Быть может, рассказать, как я однажды утром, в праздничный день оказался в берлинской синагоге, где все господа были в черных шляпах, а дамы - в шелках и старинных золотых украшениях, а седобородый раввин вещал о пятитысячелетнем Израиле? Или вот - железнодорожная катастрофа, в которой погибли двадцать семь человек, - как описать кошмарный запах крови, газа и серы? Можно поведать и о том, как я был необыкновенно польщен выпавшей на мою долю честью дышать одним воздухом с Роменом Ролланом, гостем республики Чехословакии, в резиденции пана Масарика (человека, начинавшего свою карьеру научным исследованием проблемы самоубийств). Рассказать, как я собрался в Россию?

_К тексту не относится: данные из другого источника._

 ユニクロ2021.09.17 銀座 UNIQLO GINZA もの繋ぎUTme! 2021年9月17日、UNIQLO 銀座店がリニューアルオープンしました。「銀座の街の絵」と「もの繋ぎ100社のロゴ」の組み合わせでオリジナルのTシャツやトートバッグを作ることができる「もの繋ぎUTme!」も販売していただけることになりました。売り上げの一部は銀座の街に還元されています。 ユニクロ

Что ж, вот как это началось. Дождливой, туманной ночью я прогуливался по Верхней Илице[7] мимо комплекса казарм. В воздухе, как и в моем расположении духа, повисла тяжелая депрессия. В маленьких корчмах на западной окраине города, где обычно по воскресеньям собираются участники велосипедных гонок, рыдали гармоники и слышались отзвуки того противного тирольско-штирийского музыкального инструмента, чей усиливающийся и затихающий голос напоминает скрип то отворяемой, то закрываемой стеклянной двери. Я стоял у подножья каменной статуи Христа, склонившегося под тяжестью своей ноши при входе в город, и вспоминал покойного Вида, столетнего слепого старца, который здесь, бывало, пел еще в начале войны, не выпуская из рук маленькое, позеленевшее бронзовое распятие.
Его выбритые челюсти тряслись, он облизывался как-то по-собачьи и жутко вращал выпученными белками своих незрячих глаз. А теперь старик Вид умер, вечная ему память. Вон там - окно девушки, в которую я когда-то был безумно влюблен. Я ее просто обожал! Это слово здесь вполне уместно! Где-то высоко под потолком горит свеча. В сторонке кто-то кашляет, сухо, болезненно. Стены казарм в свете газовых фонарей кажутся светло-зелеными. О, эти ночные казармы с их ощущением безнадежности! Теперь же из постовых будок выглядывают какие-то смуглые арнаутские физиономии, и уж не звучит более мелодия гайдновской "Вечерней зари": "до-до-соль, до-до-до-ми-до-ми-до-соль". Не успела отмереть одна глупость, как тут же на ее месте выросла другая. (Глупости множатся, как грибы, это надо признать без малейших сентиментов.) Над горами курилась тьма, со стороны южного вокзала доносились гудки паровозов, и именно в это мгновение я вдруг живо почувствовал на себе все параметры нашей жизни. Дело обстоит так: все мы живем на провинциальной станции южного направления австрийской железной дороги, с двухэтажным кирпичным вокзалом. Здесь - провинция! Мрачная, утопающая в грязи, унылая провинция! Да к тому же последние пятьдесят лет посреди этой грубой реальности слоняются олухи, способные прислушиваться к приглушенно-болезненным звукам своих внутренних струн. Насколько же бессмысленно таскаться в таком израненном состоянии по грязным окраинам, тяжко вздыхая и окутывая ватой свои нервы, стремиться в неведомые дали и при этом продолжать лениво погружаться в трясину. Созерцая двухэтажное кирпичное здание вокзала, деревья, лесопилки, казармы, слушая гармонику, чувствуешь перспективу и одновременно понимаешь, что нам, со всеми нашими мещанскими интеллигентcкими якобы талантами, подобно кимвалам бряцающим, никогда не перекинуть мосты к Реальности и Действительности. Надо же все-таки взяться за дело, надо выпрямиться, надо что-то предпринять. Опротивели мне звуки гармоники за стеклянной дверью, собственные стародевические мысли о покойных слепых старцах, о давно забытых девушках, о рассыпавшихся мелодиях "Вечерней зари". Я плюнул на все и уехал на следующий же день.